Accomplishments that I'm proud of

  • It actually produces manufacturable boards. Not mockups, not screenshots, but real Gerbers that JLCPCB accepts and fabricates.
  • Multimodal input. Drop a photo of a napkin sketch into the prompt box and Gemini Vision turns it into a routed PCB. It feels like magic the first time.
  • Live cost calculator. Slide from 1 to 500 boards and watch the parts × scrap-buffer + fab tier + per-joint SMT cost update in real time. Judges have been asking the right question — "how much does this actually cost?" — and I have the answer.
  • One-click simulation. Falstad runs your circuit live in the browser with animated current flow, before you've spent a cent on parts.
  • Auto-generated firmware. The Arduino .ino sketch uses the actual pins from the schematic. You flash it and the LED blinks on the first try.
  • Refinement chains. "Now add a buzzer that beeps when the temp is high" — Boardsmith forks the previous design, regenerates, preserves lineage.
  • Persistent, shareable, auth-gated, beautiful. The whole product surface — sidebar, viewer tabs, design notes, share links — feels like a real tool, not a demo.

What I learned

  • LLMs are great at intent, terrible at geometry.
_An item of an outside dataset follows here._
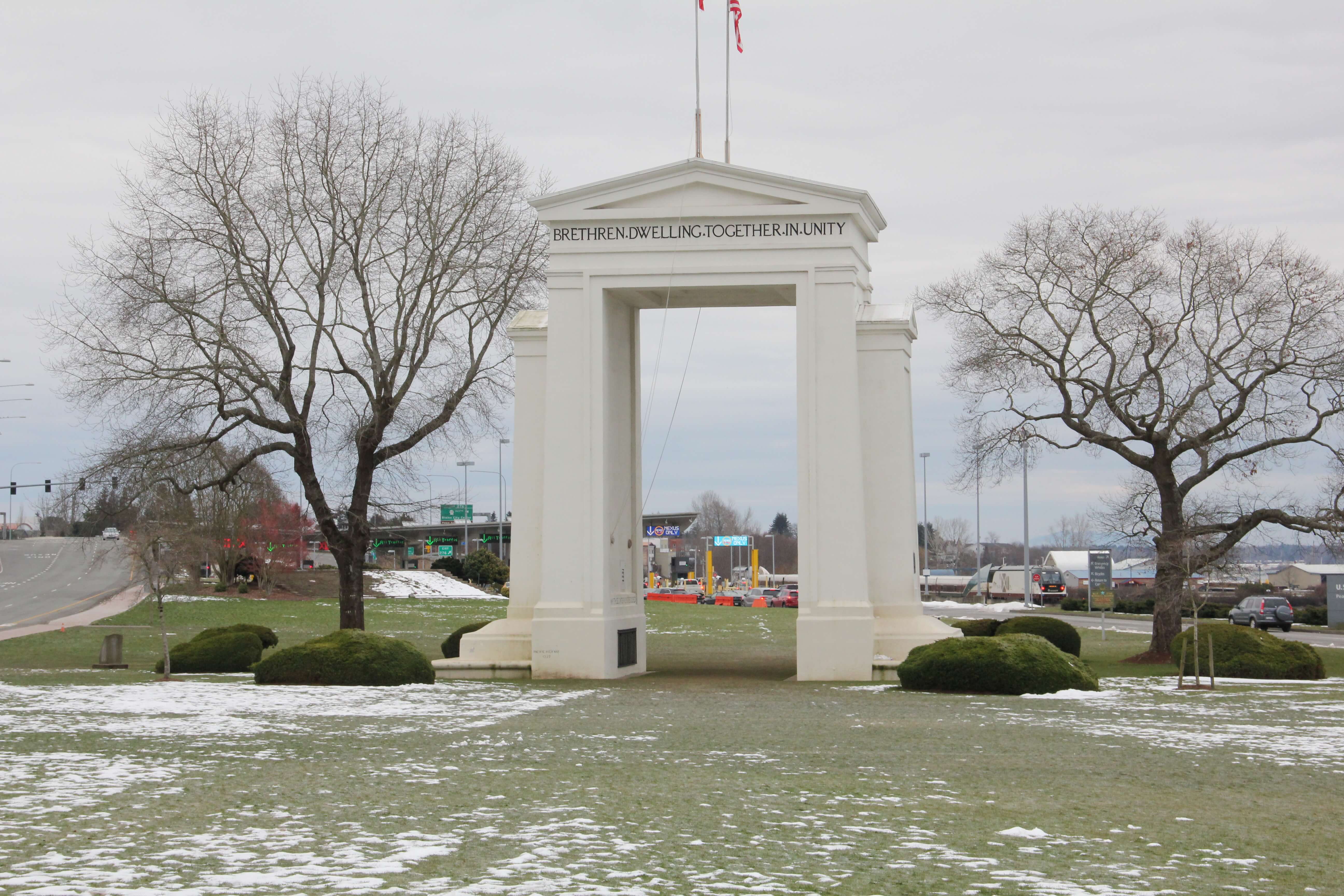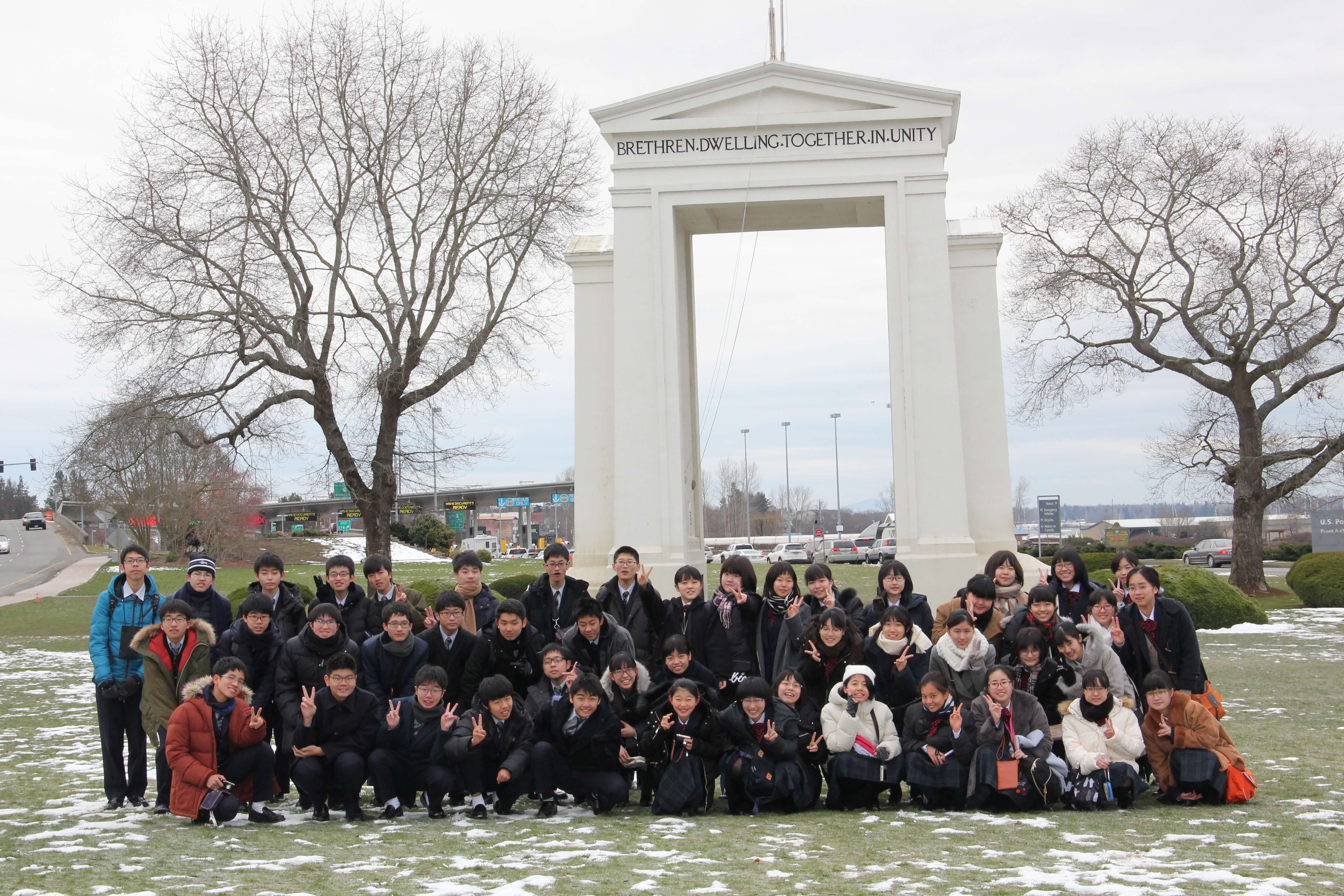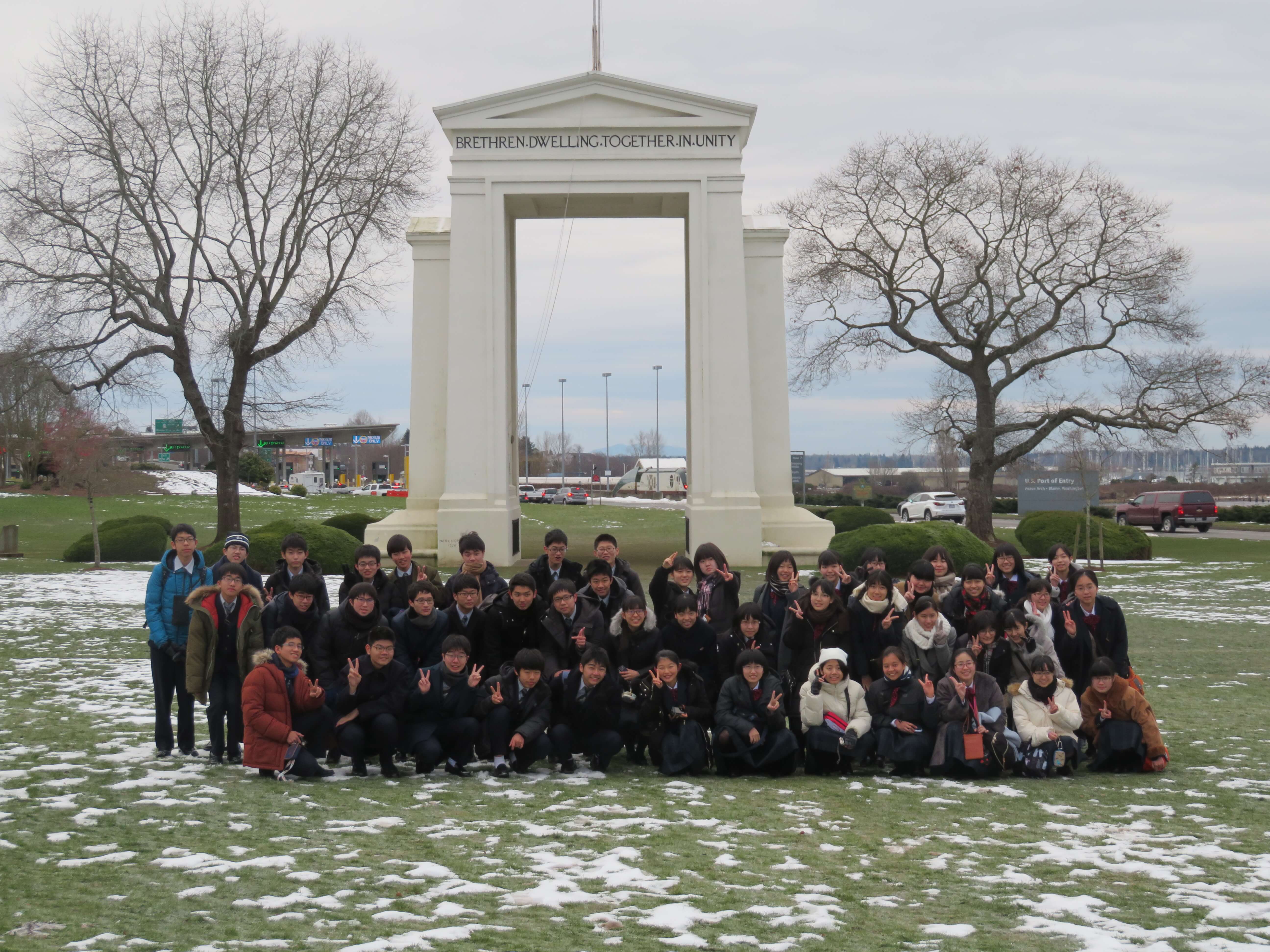 2019.2.19 J3修学旅行「ピースアーチ」国境線を歩きました。 は

Gemini nails "what should this circuit do" but happily places overlapping components if you let it. The right architecture is: LLM for the netlist, deterministic code for the layout.
  • A good prompt is a system, not a sentence. Splitting parsing into "component-level vs intent-level" modes was a 10x quality jump for natural-language input.
  • Hardware tooling has decades of buried assumptions. KiCad's grid is 1.27 mm because of imperial inheritance. Falstad's switch is inverted because of a 2008 Java decision. Gerber is a 1980s plotter format we still use. You have to learn the history to ship the future.
  • Auth and persistence aren't features, they're prerequisites. Nobody believes a demo until they can sign in, leave, come back, and find their work.
  • Streaming UX is everything. An 8-stage pipeline that takes 60 seconds feels instant when each stage flashes a "complete" badge as it lands.
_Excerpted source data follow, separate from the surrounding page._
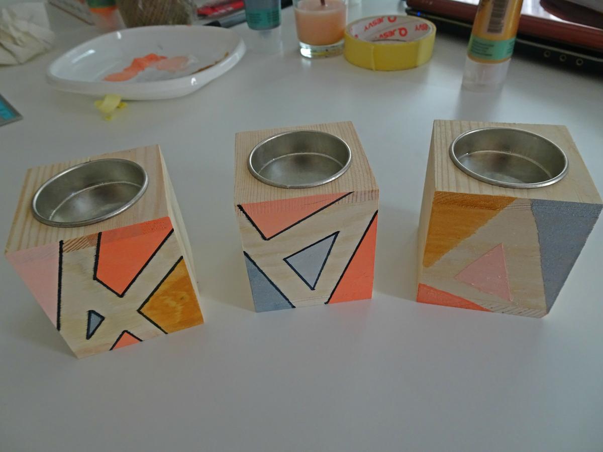 Pues inspirándome en esta técnica hoy os traigo un DIY súper sencillo de hacer, estos portavelas, yo lo hice ayer y en apenas un rato tuve éste y otro DIY (que os lo enseñare la semana que viene) y el resultado chulísimo.
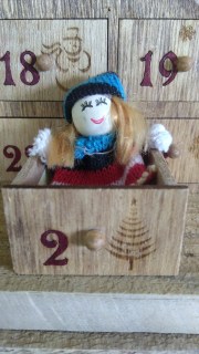 (Mary pulls the angel around in a drawer.) “A trailer on my one horse open sleigh… One horse open sleigh, one horse open sleigh. Oh, it’s Christmas. Oh, it’s Christmas.”
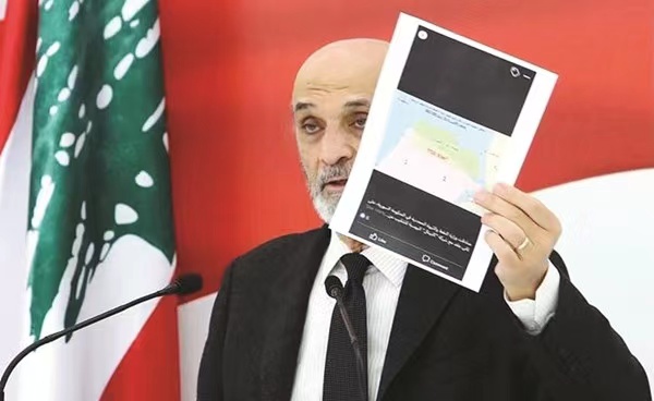 △黎巴嫩力量黨主席賈加在發布會上展示有爭議海域
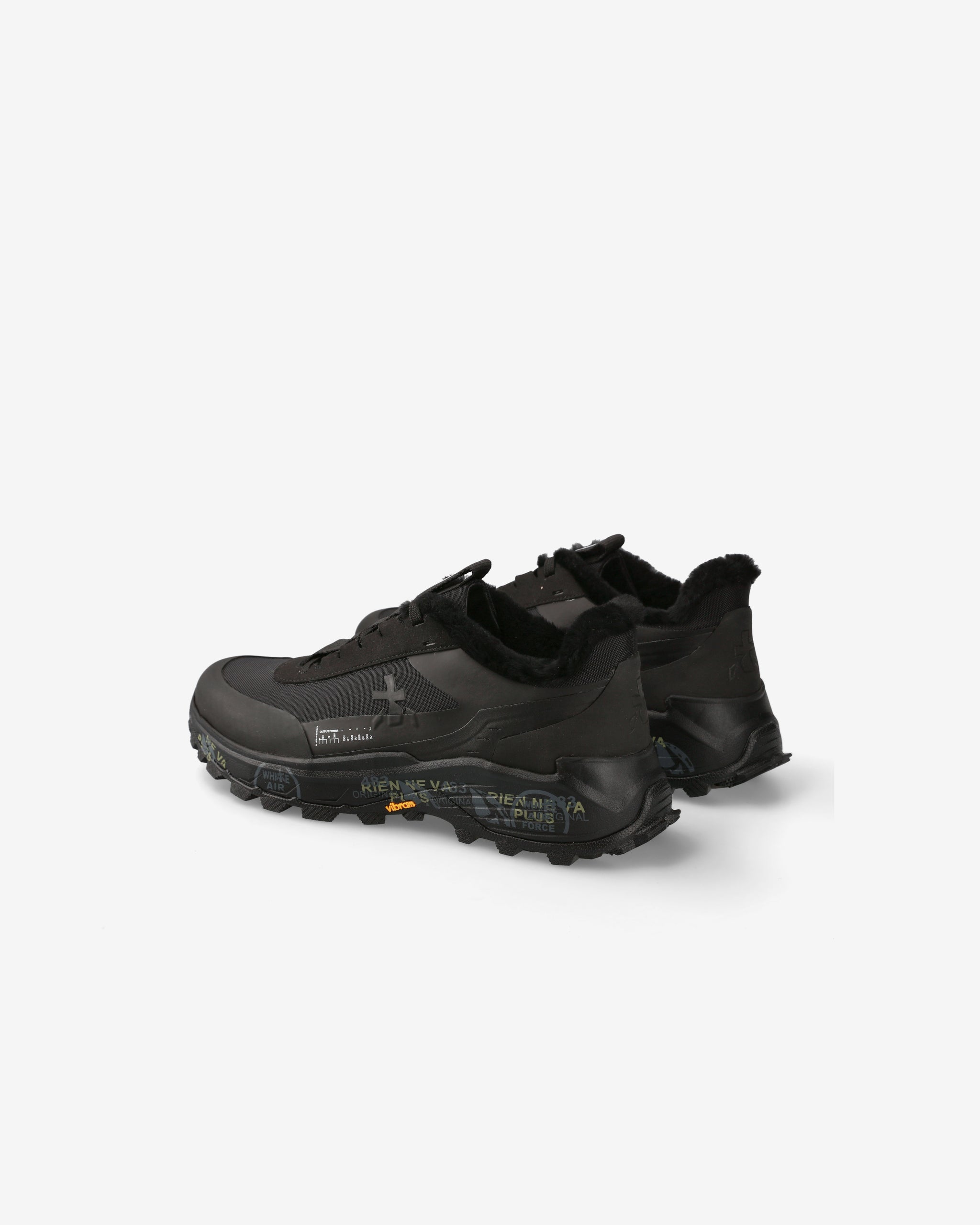 A sharp-looking hiking shoe designed for those seeking style and comfort even in outdoor adventures. The sheepskin lining provides a warm and soft feel, while the sole with distinctive lettering adds an original touch to the design.

What's next for Boardsmith

  • Closed-loop DRC and ERC. Currently it generates clean designs, next I want to verify them with real design-rule checks before shipping the Gerbers.
  • Multi-board projects. A controller board + a sensor board + a flexible interconnect, all from one prompt.
  • In-browser SPICE. Falstad is fast and visual but limited. I want full SPICE for the analog users, with ngspice running in WASM.
  • Component-library expansion. ESP32-S3, Raspberry Pi Pico, BLE modules, motor drivers, op-amps. Every part we add unlocks a new class of projects.
  • Direct JLCPCB ordering. Today you download the zip and upload it to JLCPCB. Tomorrow: one button, one Stripe checkout, boards at your door.
  • A standalone hardware copilot. Once the generator is solid, I want the editor: select a trace, ask "make this differential pair," watch it route.